These control decisions had to be coordinated with a variety of incentive and penalty schemes. Policymakers learned that farmer cooperation was essential and that paying compensation for destroyed animals encouraged farmers to reveal their diseased animals rather than hide, or worse, sell them to others. But officials also learned that paying too much compensation created a moral hazard by discouraging farmers from taking proper precautions and at times enticing them to actually infect their animals to qualify for government payments. Compensation programs became calibrated to the severity and ease of transmission of diseases. As a rule it was good policy to pay full compensation for highly infectious diseases such as foot-and-mouth disease and partial compensation for less infectious diseases such as bovine tuberculosis.
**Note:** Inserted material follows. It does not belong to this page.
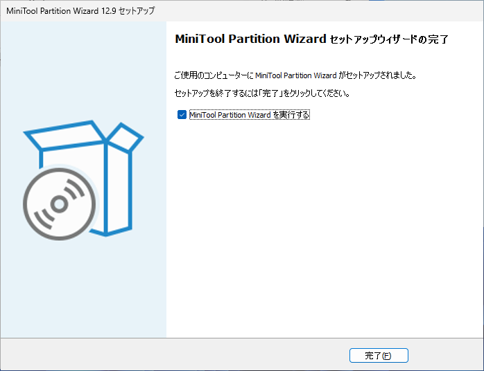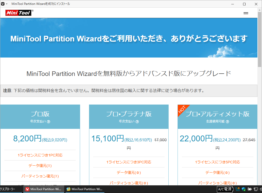 「完了」を押下して、「MiniTool Partition Wizard」を起動すると、同時にブラウザが開いて、下記のページが表示されます。
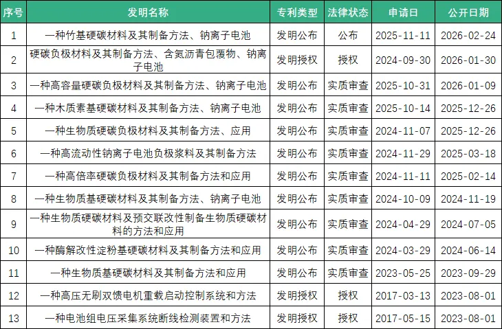 针对竹基硬碳材料产业化难题,公司突破五大核心技术与全流程一体化生产工艺,实现低成本高性能竹基硬碳材料的1000吨级规模化生产,推动了钠离子电池商业化进程;公司拥有国家发明专利20余项,涵盖全链条专利布局,形成自主知识产权和技术优势。部分钠电专利如下:

The perceived risk of a given disease spreading to other livestock and to humans also governed policies on disposal of the meat. In the pre-World War II era, the carcasses of animals with highly infectious diseases such as foot-and-mouth were buried or incinerated. By contrast, most of the meat from cattle with tuberculosis was allowed into the human food supply after the carcasses were trimmed of visible lesions. As incomes increased and bovine tuberculosis became less common, depopulation policies replaced individual test-and-slaughter programs, and governments banned the sale of all meat from infected livestock.

In the early phases of enzootic disease eradication programs, there was typically considerable opposition. Many farmers, especially those with infected stock, were not convinced that the diseases posed much of a danger, and others doubted that control was possible. Opposition required the BAI to build coalitions and sometimes offer more generous compensation. Initial successes quieted many skeptics. Eradication campaigns had a common political dynamic. Once a county or state had been cleansed, farmers in that area had a strong incentive to support aggressive policies that forced laggards to participate in order to prevent reinfection. So those who might have been ambivalent at first often became strong supporters as the eradication programs advanced. Resolving legal and organizational problems could take decades and often had to wait for corresponding advances in knowledge.

The campaign against Texas fever clearly highlights the interaction of science and policy. It also demonstrates Salmon's vision and resolve. In 1891 the USDA drew a roughly 2,000 mile quarantine line that restricted the movement of southern cattle. Gradually the line was pushed southward as areas were cleansed of the ticks that carried the disease. There was no precedent for an effort of this magnitude. Figure 1 shows the quarantine area in 1906.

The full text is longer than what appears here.